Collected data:
-- -- --

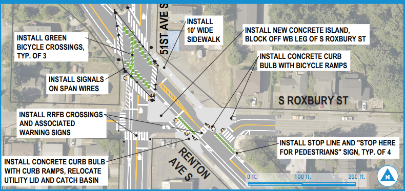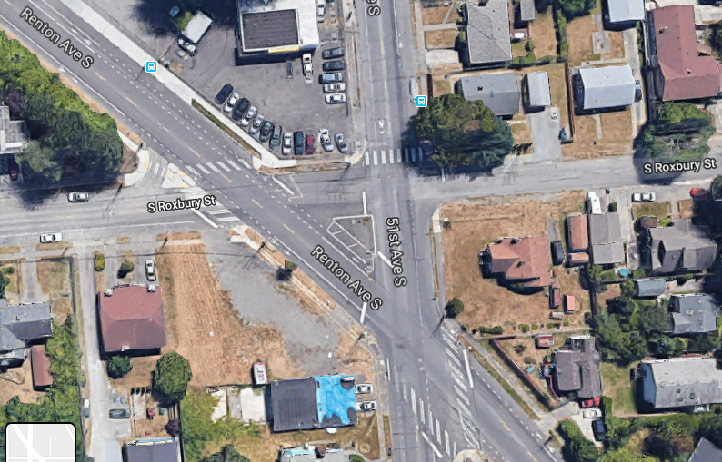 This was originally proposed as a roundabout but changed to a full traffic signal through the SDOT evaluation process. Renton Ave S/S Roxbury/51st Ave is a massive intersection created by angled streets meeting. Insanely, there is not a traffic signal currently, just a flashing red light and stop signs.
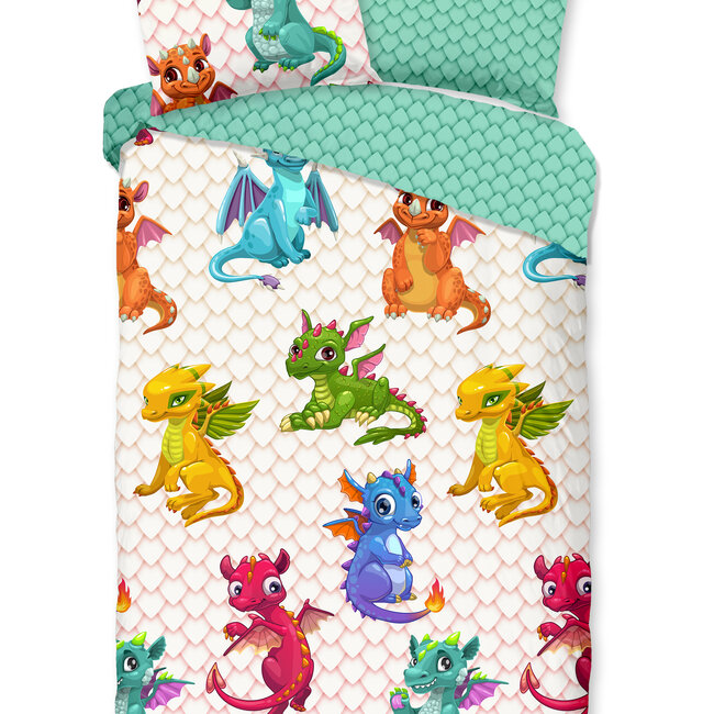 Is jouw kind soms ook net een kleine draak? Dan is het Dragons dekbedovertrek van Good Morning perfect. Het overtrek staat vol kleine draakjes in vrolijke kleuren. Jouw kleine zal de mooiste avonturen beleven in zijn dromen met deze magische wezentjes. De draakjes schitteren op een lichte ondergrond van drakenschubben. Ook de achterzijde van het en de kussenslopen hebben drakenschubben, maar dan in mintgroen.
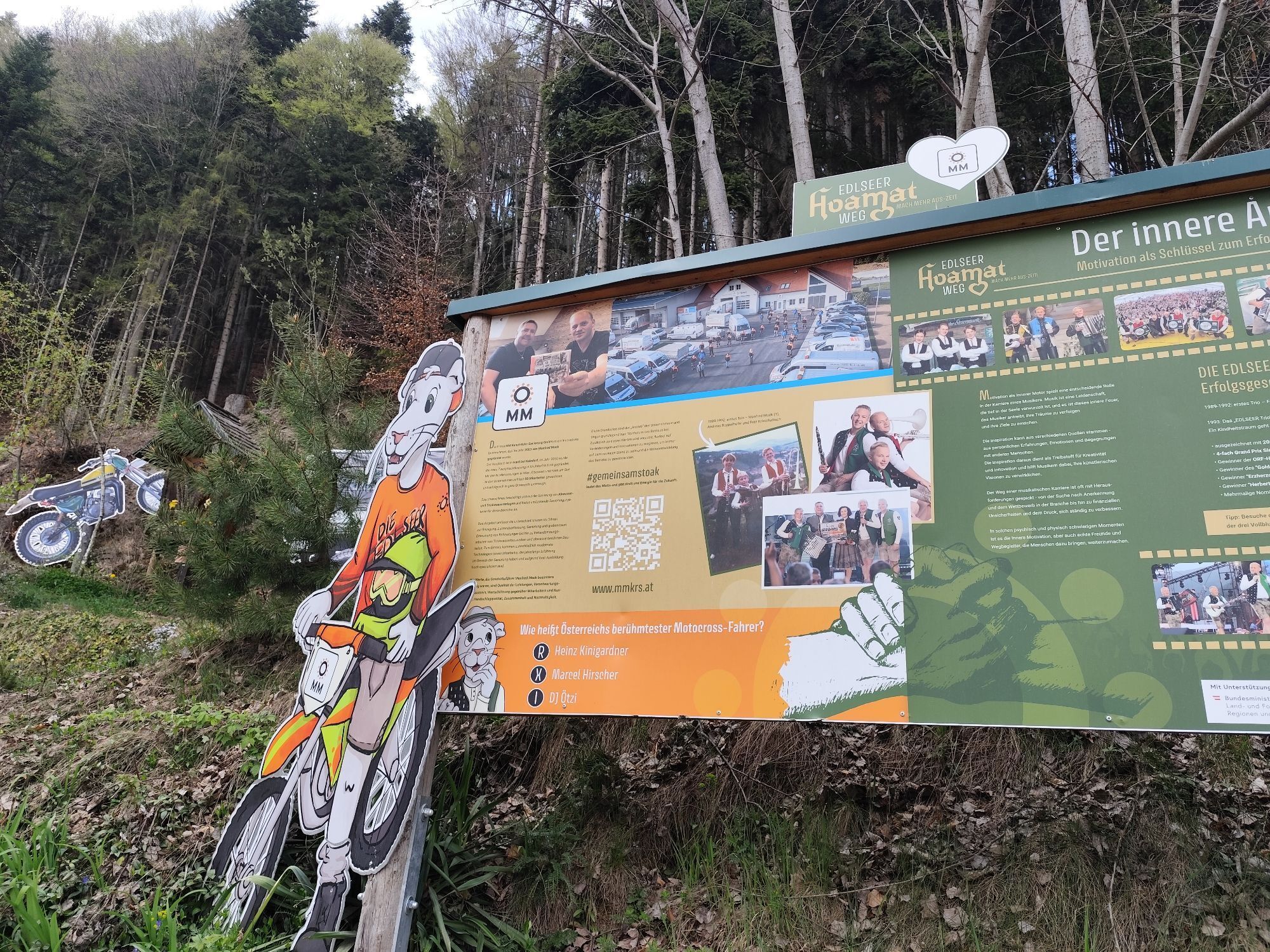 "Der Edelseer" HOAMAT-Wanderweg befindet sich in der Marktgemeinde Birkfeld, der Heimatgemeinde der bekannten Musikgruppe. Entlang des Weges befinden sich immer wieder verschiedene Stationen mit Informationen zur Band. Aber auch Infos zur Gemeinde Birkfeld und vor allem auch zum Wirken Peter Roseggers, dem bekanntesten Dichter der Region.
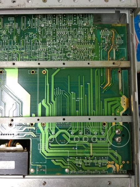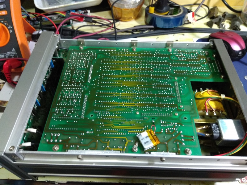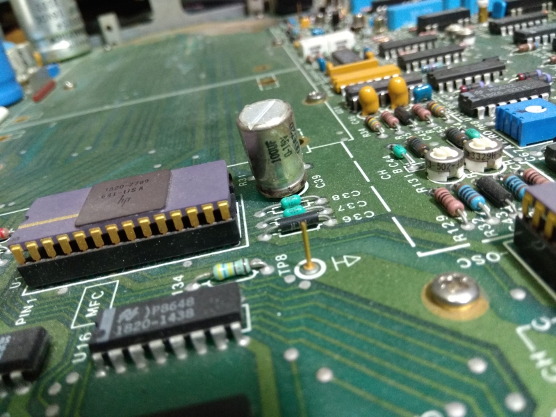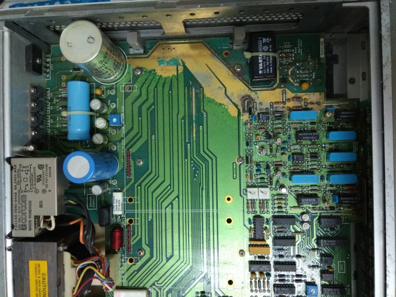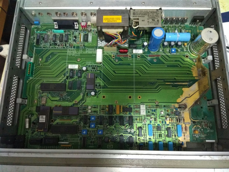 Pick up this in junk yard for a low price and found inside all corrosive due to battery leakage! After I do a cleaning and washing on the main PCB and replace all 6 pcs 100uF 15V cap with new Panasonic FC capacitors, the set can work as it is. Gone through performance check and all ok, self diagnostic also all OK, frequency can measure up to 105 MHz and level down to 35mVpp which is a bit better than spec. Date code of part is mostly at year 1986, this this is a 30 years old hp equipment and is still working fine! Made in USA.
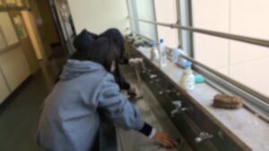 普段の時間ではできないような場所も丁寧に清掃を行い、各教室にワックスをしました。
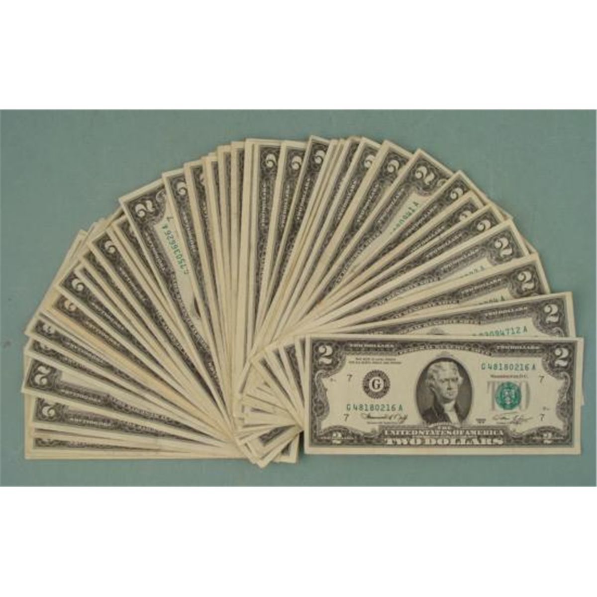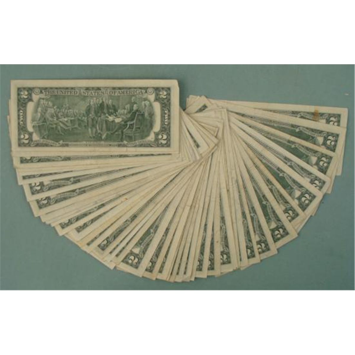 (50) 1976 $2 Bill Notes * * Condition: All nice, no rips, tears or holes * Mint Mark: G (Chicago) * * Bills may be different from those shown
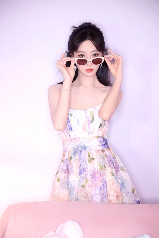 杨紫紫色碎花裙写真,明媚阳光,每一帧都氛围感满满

-- -- --

Instructions for the task:
The required output is every line of the data above, set down exactly and stripped of pictures.

Reply:
 This was originally proposed as a roundabout but changed to a full traffic signal through the SDOT evaluation process. Renton Ave S/S Roxbury/51st Ave is a massive intersection created by angled streets meeting. Insanely, there is not a traffic signal currently, just a flashing red light and stop signs.
 Is jouw kind soms ook net een kleine draak? Dan is het Dragons dekbedovertrek van Good Morning perfect. Het overtrek staat vol kleine draakjes in vrolijke kleuren. Jouw kleine zal de mooiste avonturen beleven in zijn dromen met deze magische wezentjes. De draakjes schitteren op een lichte ondergrond van drakenschubben. Ook de achterzijde van het en de kussenslopen hebben drakenschubben, maar dan in mintgroen.
 "Der Edelseer" HOAMAT-Wanderweg befindet sich in der Marktgemeinde Birkfeld, der Heimatgemeinde der bekannten Musikgruppe. Entlang des Weges befinden sich immer wieder verschiedene Stationen mit Informationen zur Band. Aber auch Infos zur Gemeinde Birkfeld und vor allem auch zum Wirken Peter Roseggers, dem bekanntesten Dichter der Region.
 Pick up this in junk yard for a low price and found inside all corrosive due to battery leakage! After I do a cleaning and washing on the main PCB and replace all 6 pcs 100uF 15V cap with new Panasonic FC capacitors, the set can work as it is. Gone through performance check and all ok, self diagnostic also all OK, frequency can measure up to 105 MHz and level down to 35mVpp which is a bit better than spec. Date code of part is mostly at year 1986, this this is a 30 years old hp equipment and is still working fine! Made in USA.
 普段の時間ではできないような場所も丁寧に清掃を行い、各教室にワックスをしました。
 (50) 1976 $2 Bill Notes * * Condition: All nice, no rips, tears or holes * Mint Mark: G (Chicago) * * Bills may be different from those shown
 杨紫紫色碎花裙写真,明媚阳光,每一帧都氛围感满满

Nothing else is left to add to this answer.